## Exercise details
Your copy should contain exactly the lines from the start of the material through the line containing "Fabriquée en aluminium, la", and no pictures.

[[ Collected material, beginning ]]

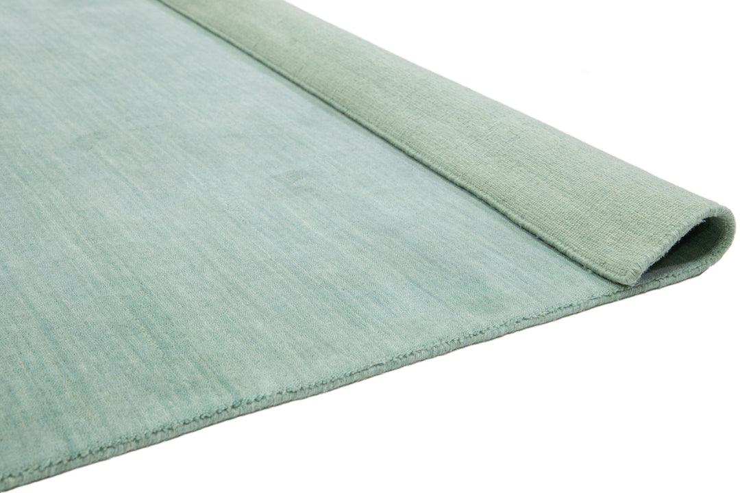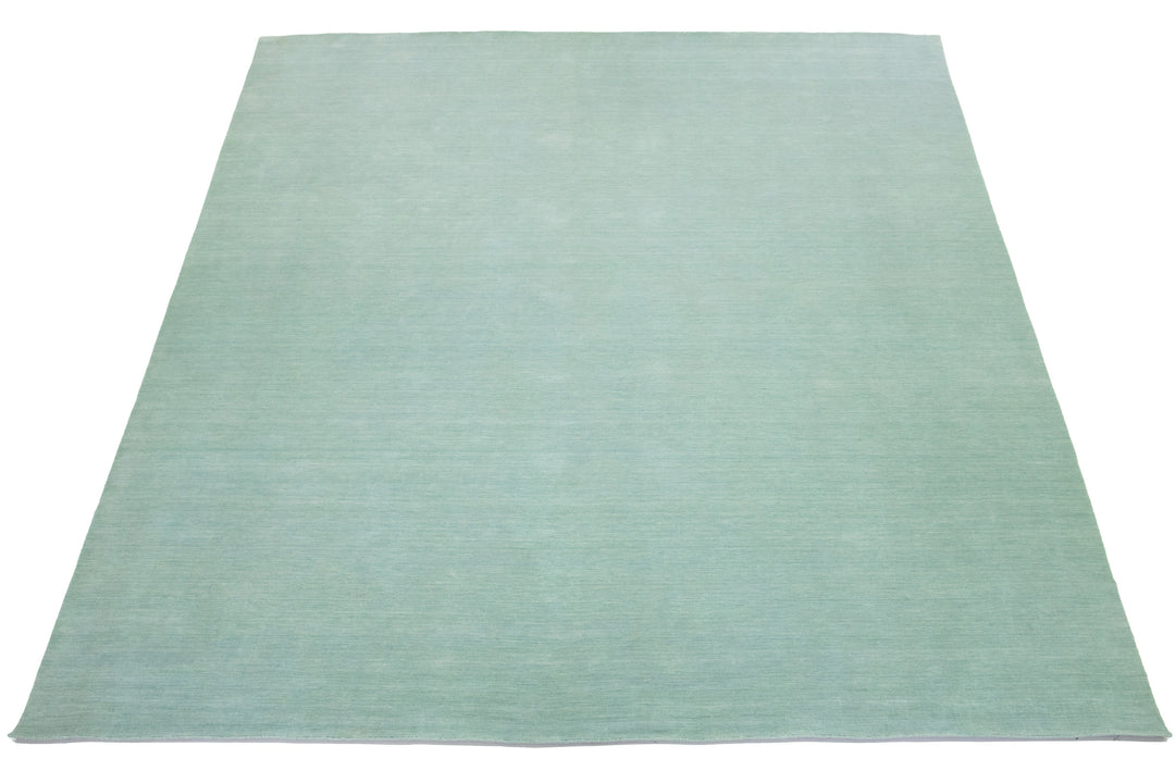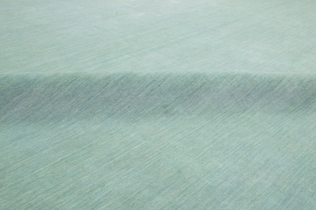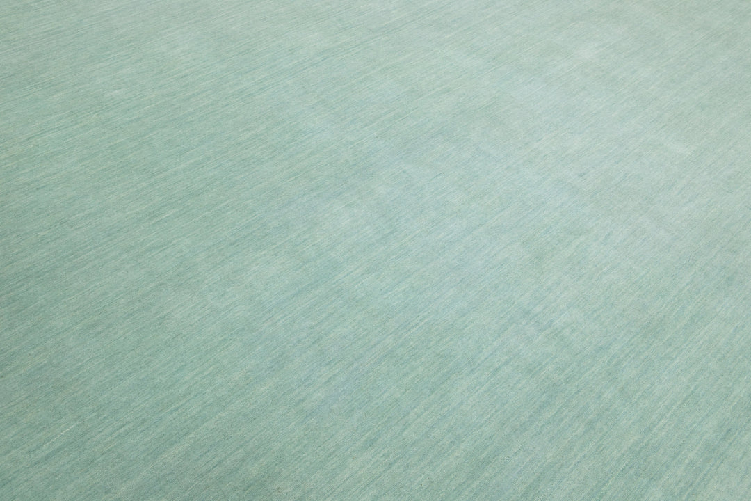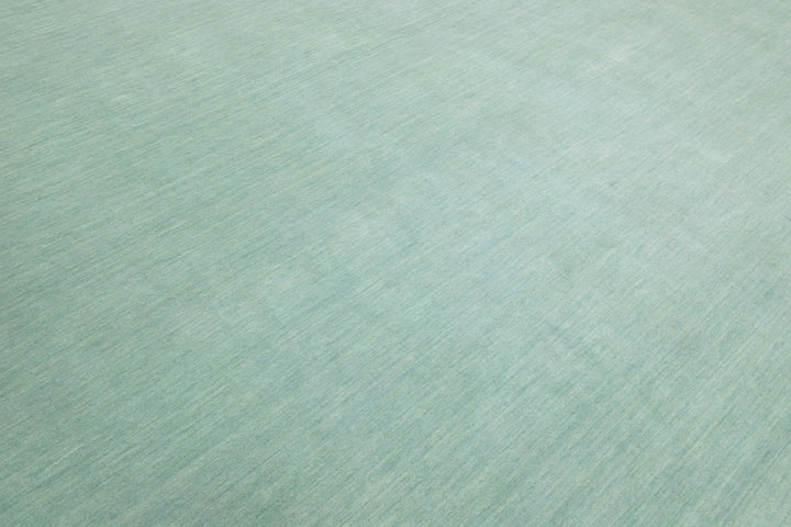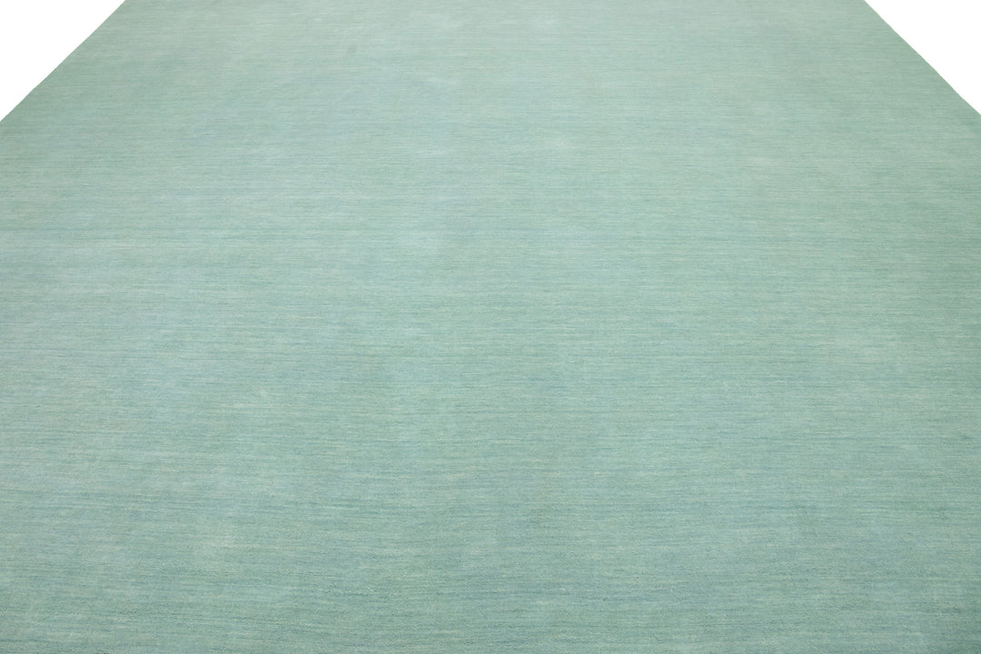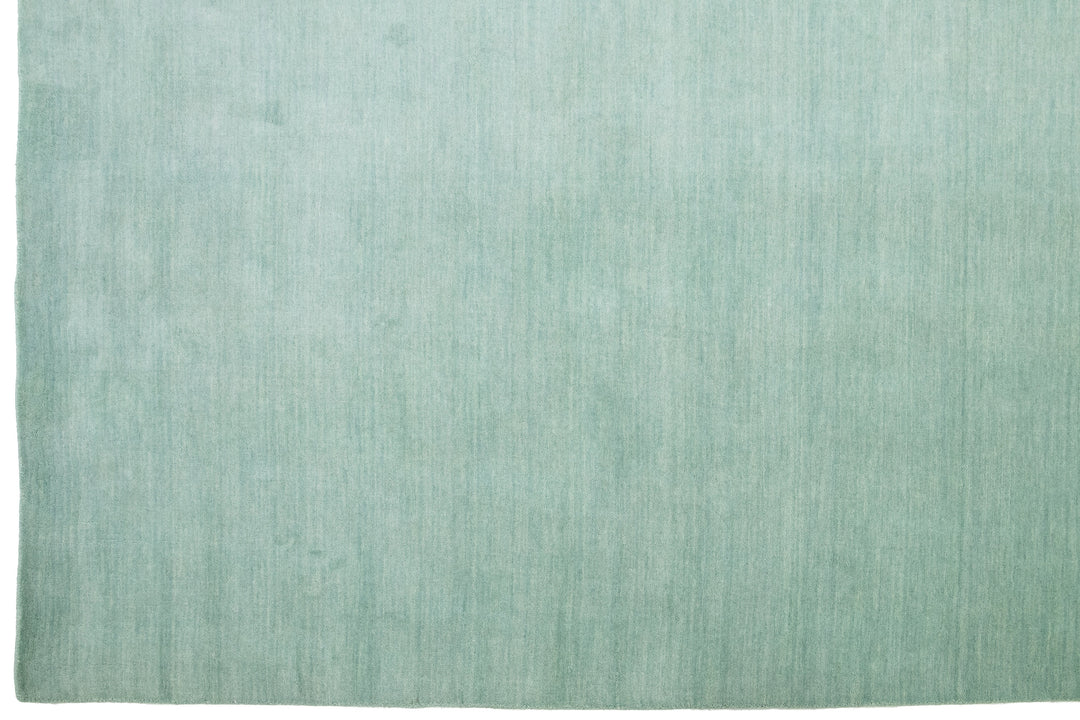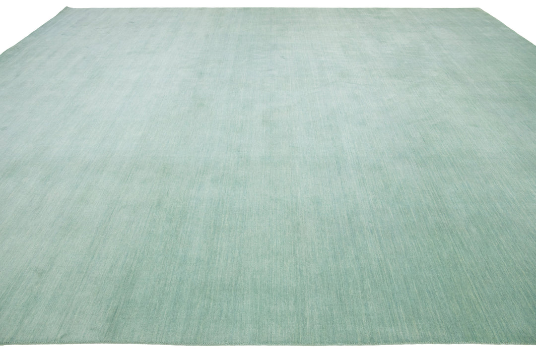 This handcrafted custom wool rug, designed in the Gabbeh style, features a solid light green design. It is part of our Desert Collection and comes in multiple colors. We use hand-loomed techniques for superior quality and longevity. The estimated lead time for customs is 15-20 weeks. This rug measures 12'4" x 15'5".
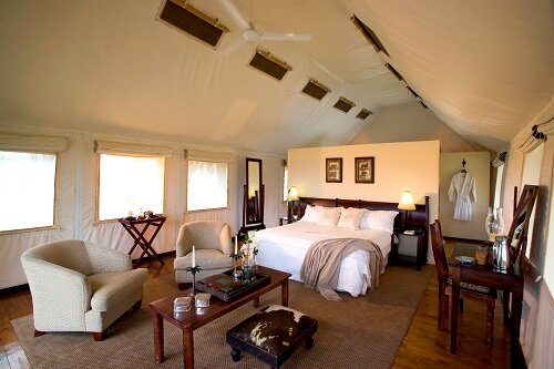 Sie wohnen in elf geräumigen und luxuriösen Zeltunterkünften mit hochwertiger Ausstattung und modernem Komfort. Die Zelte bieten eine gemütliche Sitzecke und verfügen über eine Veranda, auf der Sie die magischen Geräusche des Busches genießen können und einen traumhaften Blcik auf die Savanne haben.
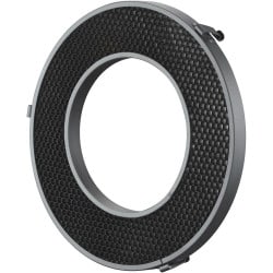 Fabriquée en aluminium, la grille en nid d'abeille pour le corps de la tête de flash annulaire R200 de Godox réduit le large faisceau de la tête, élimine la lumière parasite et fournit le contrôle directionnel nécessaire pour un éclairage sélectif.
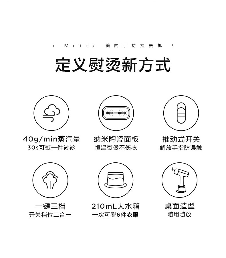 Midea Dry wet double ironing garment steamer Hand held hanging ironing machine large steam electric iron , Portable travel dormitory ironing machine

[[ Collected material, end ]]

## Answer
 This handcrafted custom wool rug, designed in the Gabbeh style, features a solid light green design. It is part of our Desert Collection and comes in multiple colors. We use hand-loomed techniques for superior quality and longevity. The estimated lead time for customs is 15-20 weeks. This rug measures 12'4" x 15'5".
 Sie wohnen in elf geräumigen und luxuriösen Zeltunterkünften mit hochwertiger Ausstattung und modernem Komfort. Die Zelte bieten eine gemütliche Sitzecke und verfügen über eine Veranda, auf der Sie die magischen Geräusche des Busches genießen können und einen traumhaften Blcik auf die Savanne haben.
 Fabriquée en aluminium, la grille en nid d'abeille pour le corps de la tête de flash annulaire R200 de Godox réduit le large faisceau de la tête, élimine la lumière parasite et fournit le contrôle directionnel nécessaire pour un éclairage sélectif.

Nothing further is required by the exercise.